§ **Action item**
Repeat exactly the lines of the material below that run from the "Armário de Cozinha" line to the "手順45は、2つの塔パーツを作り本体に取り付ける作業です。" line, including both, and do not carry over any pictures.

§ **Entries shown**
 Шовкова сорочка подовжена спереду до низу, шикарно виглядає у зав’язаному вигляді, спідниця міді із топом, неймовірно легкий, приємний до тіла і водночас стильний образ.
* * *
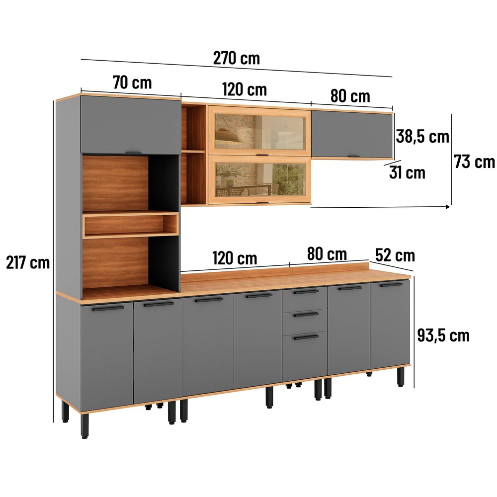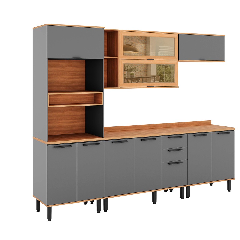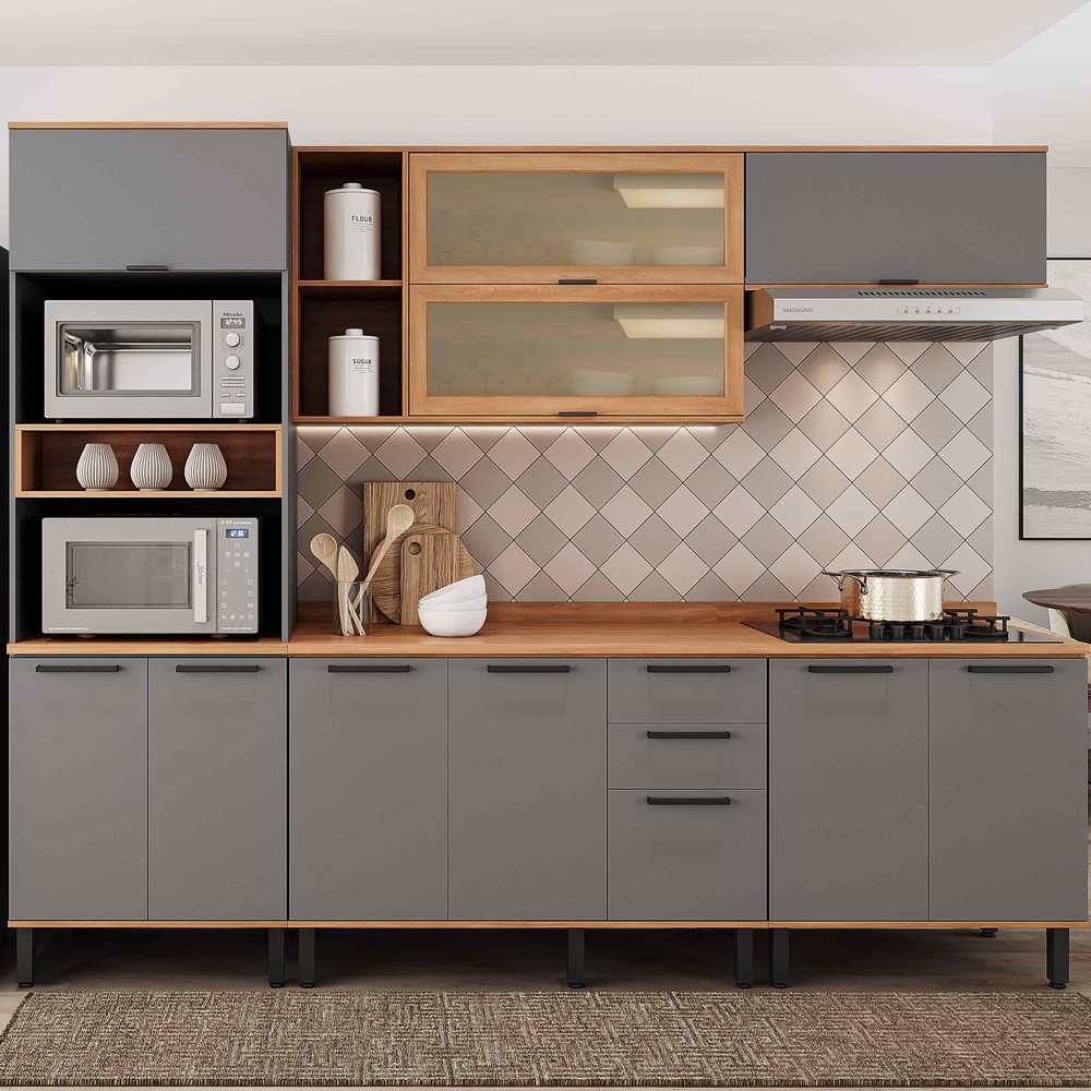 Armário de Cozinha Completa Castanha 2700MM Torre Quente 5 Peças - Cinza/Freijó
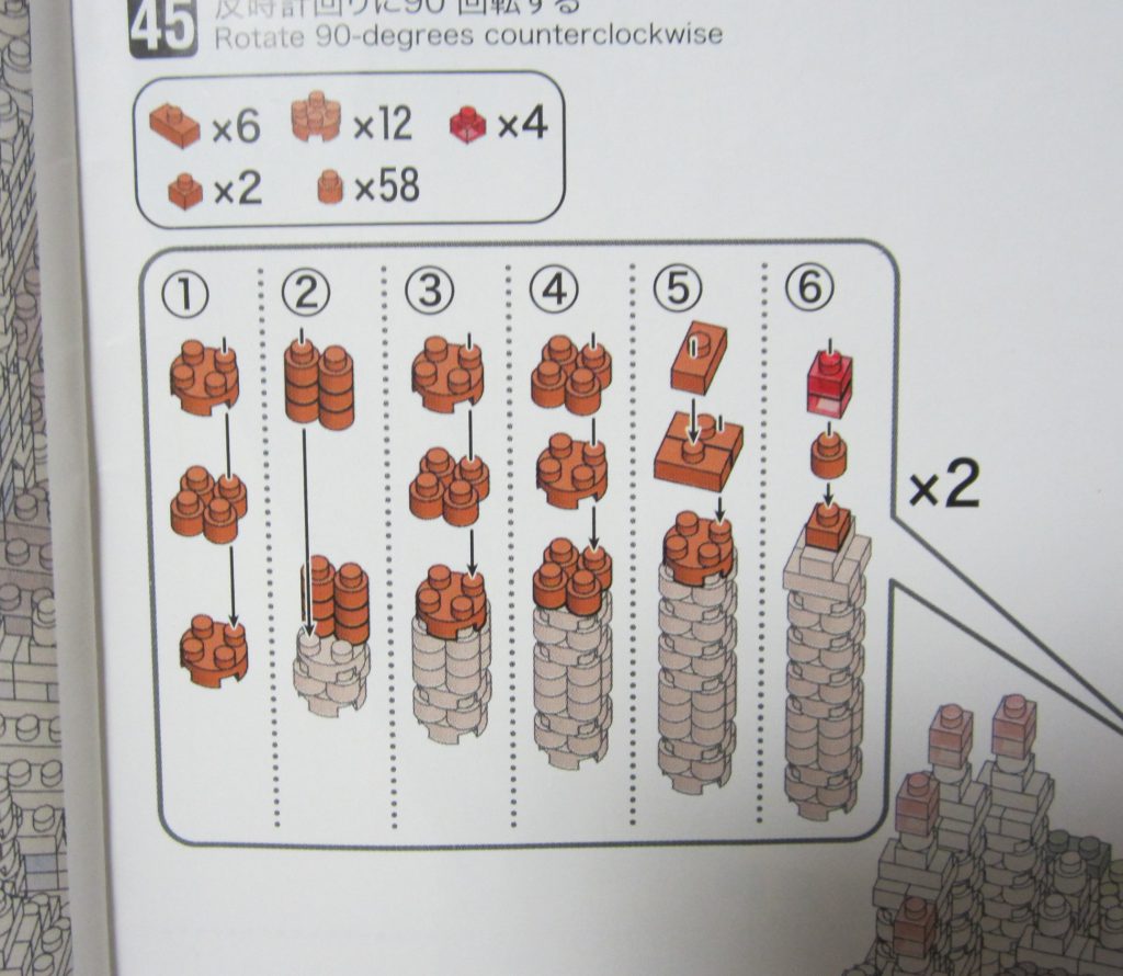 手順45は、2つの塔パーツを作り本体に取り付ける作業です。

§ **Solution below**
 Armário de Cozinha Completa Castanha 2700MM Torre Quente 5 Peças - Cinza/Freijó
 手順45は、2つの塔パーツを作り本体に取り付ける作業です。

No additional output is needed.